Today, we know that privacy preserving child-safety technology already exists and is already in use by the world’s largest tech companies. Meta, Google, and Apple all deploy on device nudity detection tools that protect minors by identifying risky content in real time on child accounts, including during live video calls. These models run locally on devices, meaning the content never leaves the user’s phone or tablet. This demonstrates that real time, privacy preserving detection is not theoretical. It is already happening at scale.
The same companies also use real time classifiers to detect child sexual exploitation and abuse (CSEA) on public platforms, including image, video, and livestream detection. Microsoft has similarly piloted CSEA detection models in Teams, proving that abuse occurring during live video can be identified and disrupted while the call is happening.
These examples show what is technically possible: live online sexual exploitation of children can be prevented before the abuse begins, if technology companies choose to apply the tools they already possess. This is no longer a question of capability. It is a question of will.

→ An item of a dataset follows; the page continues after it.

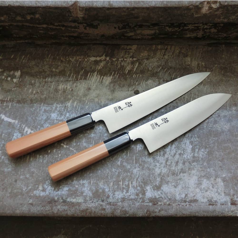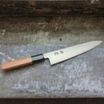 Gyoto betyder kockkniv på Japanska, denna modell är 210 mm. Suisin honyaki är ultralätt.

Protecting children from live abuse and respecting user privacy are not competing goals, as explained at the Virtual Tech Safety Roundtable.
Investing in safeguards for video calling and livestreaming is not only a moral imperative; it is also strategically sound.
First, building trust in the brand. Parents, educators, and regulators increasingly view child safety as a baseline expectation. Platforms that can demonstrate proactive, transparent action strengthen long-term trust.
Second, regulatory readiness. Authorities such as Australia’s eSafety Commissioner are moving from voluntary guidance toward clearer expectations of duty of care. Early leadership allows platforms to shape standards, rather than scramble to meet them under pressure.
Third, product sustainability. Video calling is now a core digital infrastructure. Ensuring it is safe by design future-proofs these services against reputational harm and abrupt regulatory intervention.
And finally, meaningful impact. Few areas of technology offer such a direct opportunity to prevent real-time harm to children. This is a space where platform decisions can have immediate, measurable human outcomes.
Ending OSEC will not be achieved by any single sector acting alone. Governments, civil society, law enforcement, and industry must work together — as many already do in awareness and prevention efforts. The next step is extending that collaboration into product design and safety architecture:
Big Tech companies have the scale, expertise, and influence to lead this shift. Many are already part of the solution. The opportunity now is to apply that leadership consistently, including in the digital spaces where harm is hardest to see, but most urgent to stop.
The power to significantly reduce live online child abuse already exists.
What remains is the collective decision to fully use it.